/gquestions

Find "People Also Ask" questions

Primary LanguageHTMLGNU General Public License v3.0GPL-3.0

People Also Ask Scraper

The code is forked from Alessio Nittoli's github repo to scrape the people also ask box from google search. For details of the scraper, please refer to his blogs post. The original github repo is here

Changes we made

We modify the original scraper, which scraped the questions from the box. We extend the scraper to also extract the url of the website that provides a potential answer to it. The output is also saved in a easy-to-read json file.

Install Dependencies

Please have python 3.6+ installed and run the following command

pip install -r requirements.txt

In order to run the code, you will also need to have a chrome browser and corresponding webdriver. Check the version of your chrome browser and download the corresponding driver from this page.
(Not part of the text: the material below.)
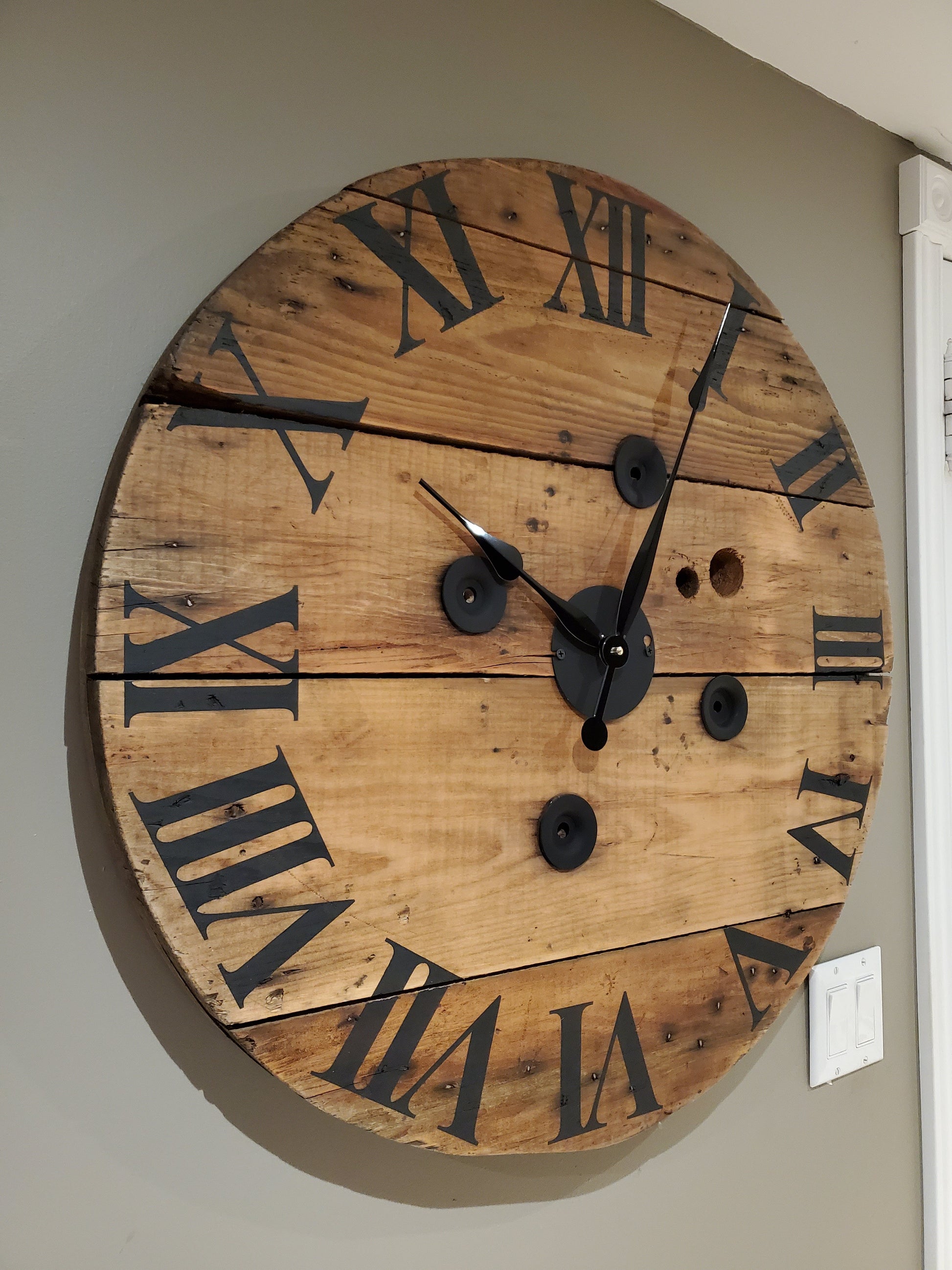 30" Spool Clock, Stained Ipswich - Painted numbers. Heavy duty sawtooth hanger on the back.

Unzip the downloded zip file to driver/. (If your chrome browser version is 78 and you run the code on ubuntu system, you don't have to do this step as the right webdriver is already in the folder.)

How to Run the Code

You can create a list of the queries/entities you want to search for the "people also ask" questions in the search_queries.txt, in the following format:

sushi
sashimi
advengers
automatic mobile
...

Then you can run the following command to extract all the questions and the associated url with the following command

python ppa_generation.py --headless

The output will be saved as result/paa_output.json with the format:

"sushi": [
        {
            "question": "What is the most popular sushi?",
            "url": "https://www.bustle.com/p/the-most-popular-sushi-orders-on-doordash-include-a-lot-of-avocado-18011470"
        },
        {
            "question": "What day should you not eat sushi?",
            "url": "https://www.foodrepublic.com/2012/07/09/the-12-sushi-commandments/"
        },
        {
            "question": "What is best sushi for beginners?",
            "url": "https://rokaakor.com/new-to-sushi-a-simple-guide-to-eating-sushi-for-beginners/"
        },
        {
            "question": "What is the most popular type of sushi in Japan?",
            "url": "https://www.tsunagujapan.com/20-most-common-types-of-sushi-in-japan/"
        },

ToDo

  1. Scrape the answers that is summarized by Google from the url post
  2. Classify the questions into different types.
  3. Build simple mechanism to select interesting questions for chitchat.